# Pictures in Picture Album!! CLICK Album Link on Top of Page



## horseUSA (Nov 2, 2003)

Please click Album link on top.


----------



## T-6 (May 31, 2009)

Hi.
I was looking for the "Album" which used to exist on the old site and couldn't find it. Then I found this post but tell me, please: What "Album Link"? On top of what? Where?
Or have I suddenly been been rendered blind?
Thanks,
T-6


----------



## GrauGeist (May 31, 2009)

The only album link I know of up there, is the *Pictures Albums* link found in the *Community* pulldown.

But when I click it, it lands me on an empty page and asks me to create a personal album, which I have one started, but have no idea where it went... 

(I hate it when I lose stuff) 

** wait a second** I just looked at the freakin' date...as old as Horse's post is, the album issue still applies...


----------



## Gnomey (May 31, 2009)

It is still around, there just isn't a link.

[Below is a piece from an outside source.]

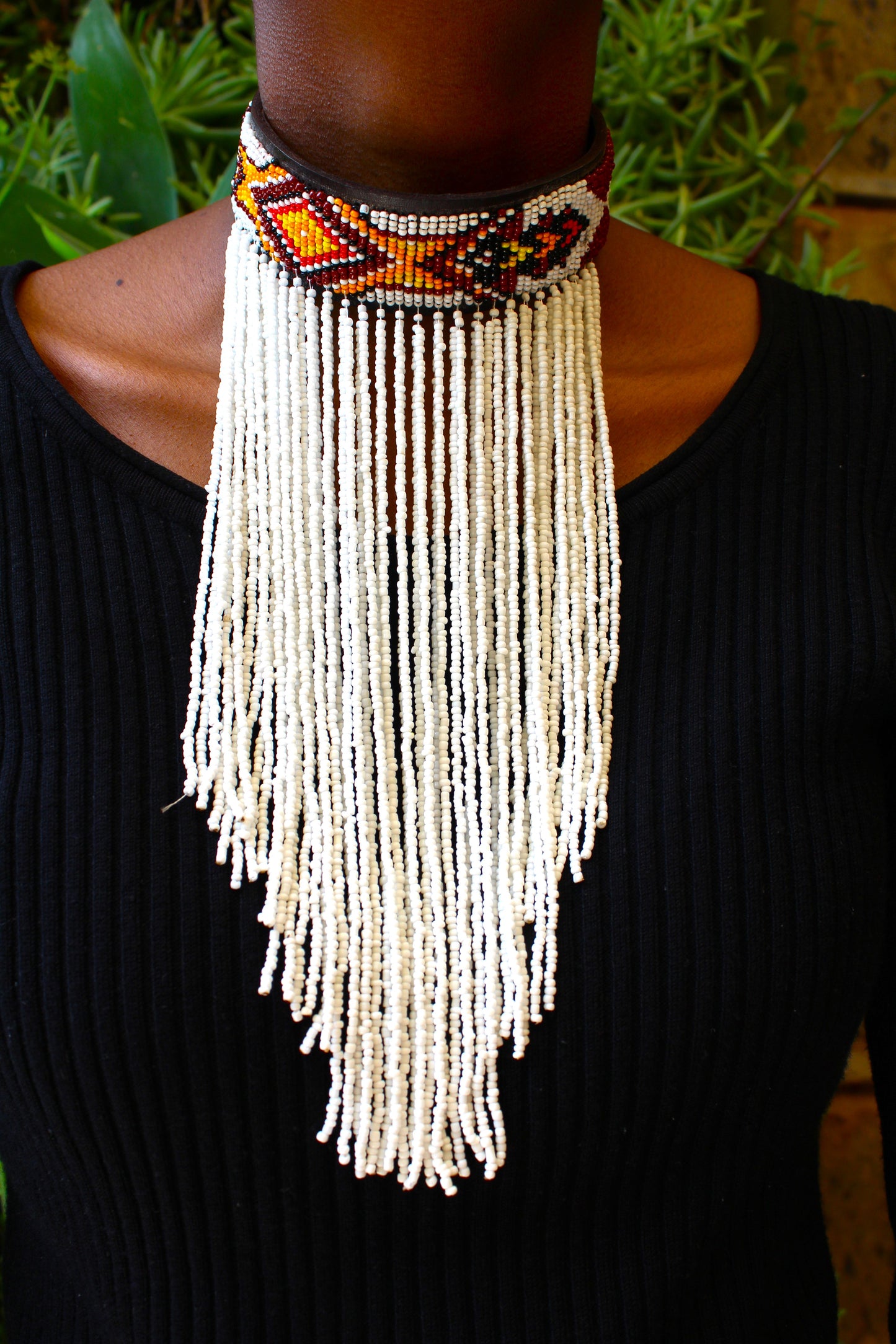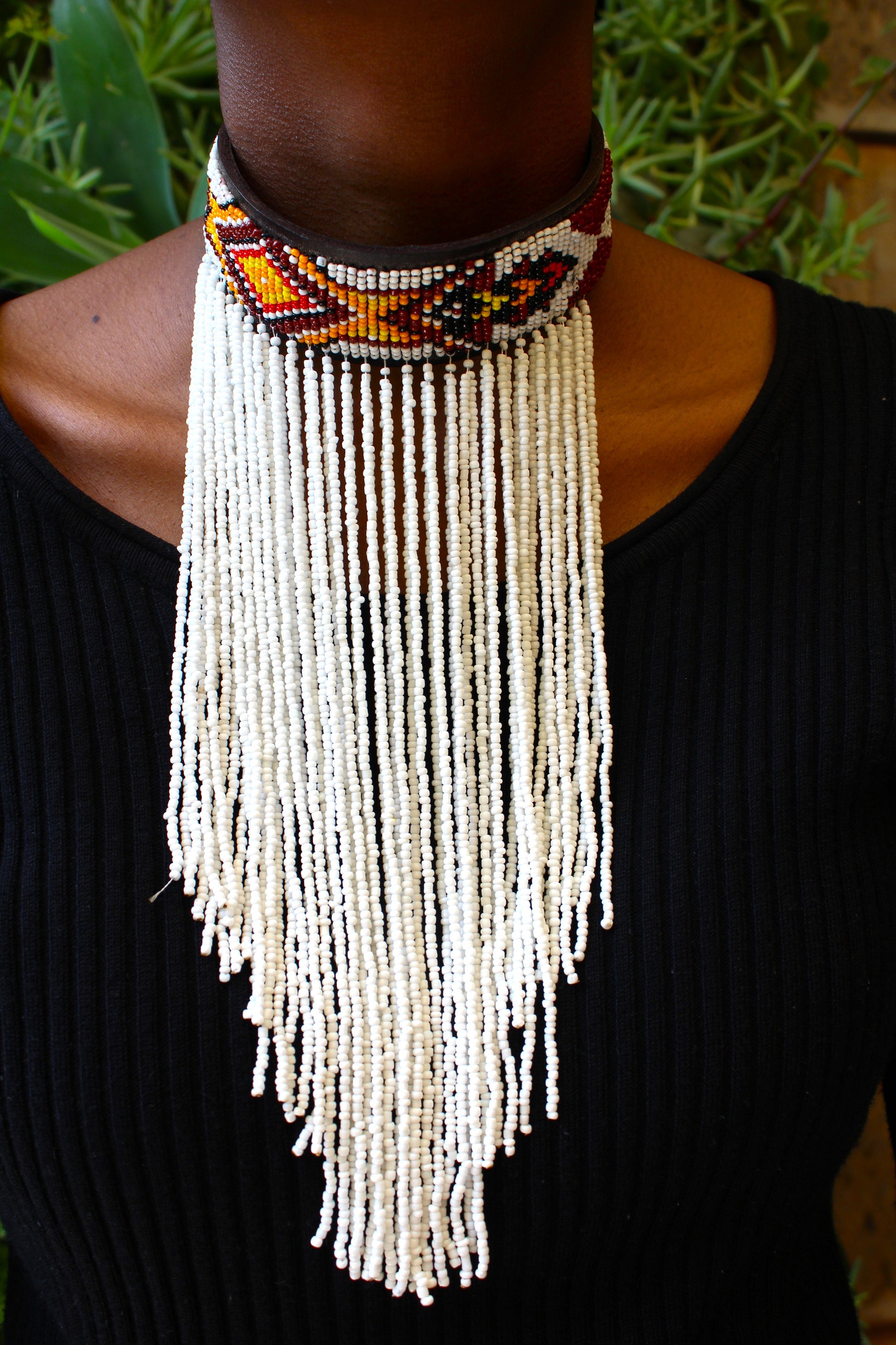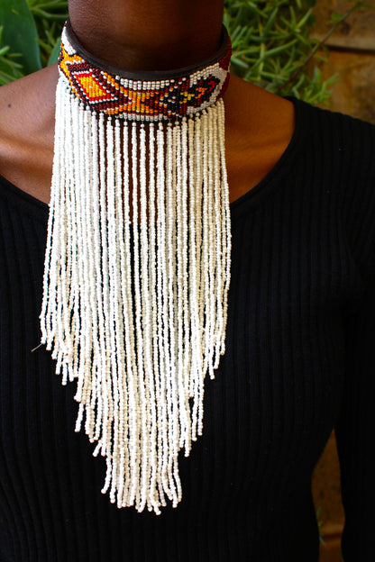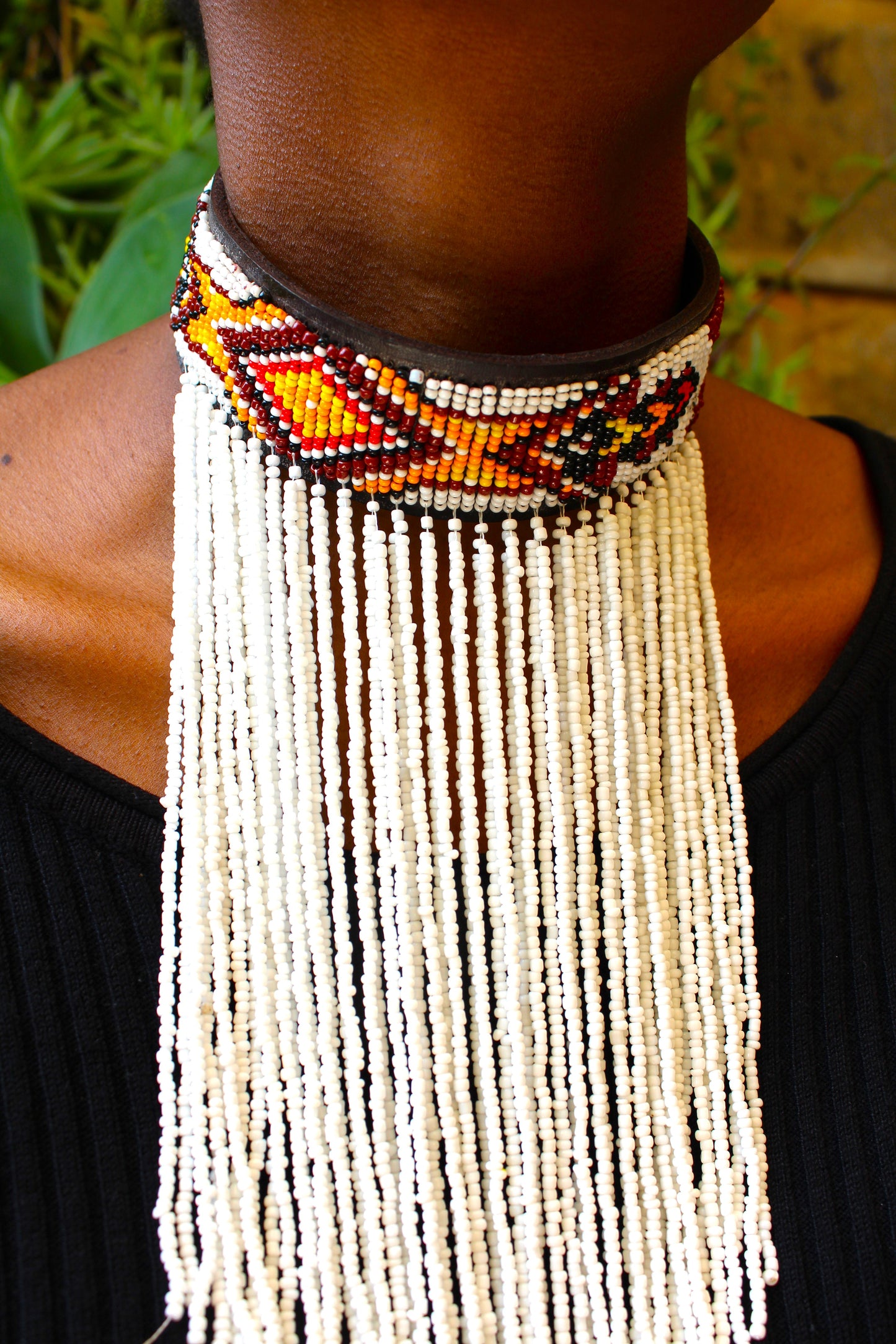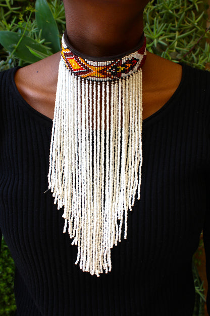 Handcrafted with high-quality, vibrant seed beads, this necklace is a beautiful and eye-catching accessory. The choker area is backed with leather.

http://www.ww2aircraft.net/forum/news/complete-server-maintenance-05-11-09-a-18472.html#post496988

Link to Picture Album  Main Index - Warbird Photo Album


----------



## DerAdlerIstGelandet (May 31, 2009)

Ah snap!!! 

I did not even look at the date on the thread!


----------



## GrauGeist (May 31, 2009)

I found the album a few times in a search, but having the link sure saves time! 

Thanks, Gnomey!

(by the way, no complaints on Horse's part...man's doin' a hellova job getting this place squared away)


----------



## Gnomey (May 31, 2009)

Yeah it is really old but it still has a valid point since the upgrade, which David is no doubt going to fix.


----------



## wheelsup_cavu (May 31, 2009)

Thanks I didn't even realize that section existed. 
I bookmarked the page for now until the link is updated.


Wheelsup


----------



## Blackice (Jan 1, 2010)

Hey guys, new here but and wanted to say that this is a great looking site. I love the slide show banner, very nice. The navigation in the forums is easy and the clean look it easy on the eyes. I look forward to reading through the huge wealth of information that this site has to offer. 

But I have to say that the photo post section of this site is near impossible to find, and very under utilized..... Why not put a link up on the header ? Or make a link in the forums ? I think you guys have a great photo section, it should be feature, not hidden. 

Keep up the great work


----------



## Gnomey (Jan 1, 2010)

See the announcement at the top of every forum page. It has everything you need to know (just re-updated it as it expired at the end of last year). The link is also in this thread but the announcement is easier to find and will direct you to the album.


----------